Final answer:
The person's uncorrected far point is approximately 14.86 meters away, while the uncorrected near point is about 82 centimeters away, calculated using the lens formula and taking into account the refractive powers for the bifocal eyeglasses and the vertex distance.
Step-by-step explanation:
To determine the near and far points of the person's uncorrected vision, we make use of the lens formula and the concept of refractive power.
The refractive power P is given in diopters (D), and it is related to the focal length f of a lens in meters by P = 1/f. The negative sign in the distance vision part indicates myopia (nearsightedness), which means the person can see nearby objects clearly but not distant ones. The positive sign in the close-vision part indicates hypermetropia (farsightedness) for close-up tasks such as reading.

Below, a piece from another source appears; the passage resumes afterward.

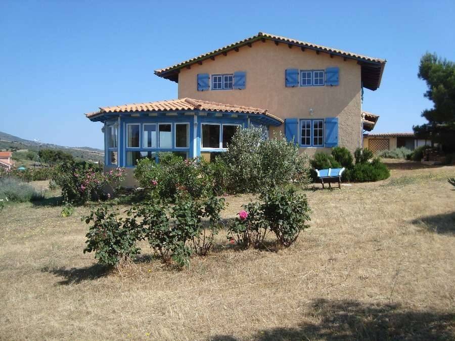 Perfect of both worlds, in the middle of Nature, yet very close from Athens, with sweeping 360-degree mountain and sea unobstructed views. House of the future, fully insulated and energetically self-sufficient. Ideal for lovers of Nature and space. About 40 different types of olive trees producing already Fruit trees: almond, walnut, apricot, apple, cherry, prunes,..etc Ornamental trees: oaks, pines, cypress, Lind trees, thyuas, fir trees,..etc Advantages: Energetically independent with solar panels and wind mill Hydrological independent with drilling Very well sound and cold isulated (double glazed windows and doors, wainscoting in wood, thick walls and glass wool Location: Marathon (Grammatiko)-North East Attica • 1 hour drive from Athens airport • ½ hour drive from the Ethniki Odos Patras-Thessaloniki (exit Kapandriti or Aghios Stephanos) • 1 hour drive to Pireas harbour • 3/4 hour to downtown Athens ( train at Aghios Stephanos or subway at either Dukissis Plakentias or Kifissia) • 3km (about 2 miles) from Sessi beach and the nearest village • Beautiful circular view on the southern Evvia Gulf and Penteli Mountain from 397m. altitude (1.320 feet)

The distance between the glasses and the eyes (vertex distance) also affects the effective power of the lenses when worn. Hence, we use the formula P' = P / (1 - dP), in which P' is the effective power when the glasses are worn, P is the prescribed power, and d is the vertex distance.
We'll first find the far point for the myopia correction:
P' = -0.0675 D / (1 - 0.02 m * -0.0675 D)
=> P' = -0.0673 D
Therefore, the focal length for the far point is
f = 1/P'
=> f = 1/(-0.0673 D)
=> f ≈ -14.86 m
Thus, the person's far point without glasses is approximately 14.86 m away.
Next, for the near point with the hypermetropia correction:
P' = 1.20 D / (1 - 0.02 m * 1.20 D)
=> P' = 1.22 D
Since the corrected near-point distance is 250 cm:
f = 1/P = 1/1.22 D
=> f ≈ 0.82 m
This implies the person's near point without glasses is about 0.82 m, or 82 cm away.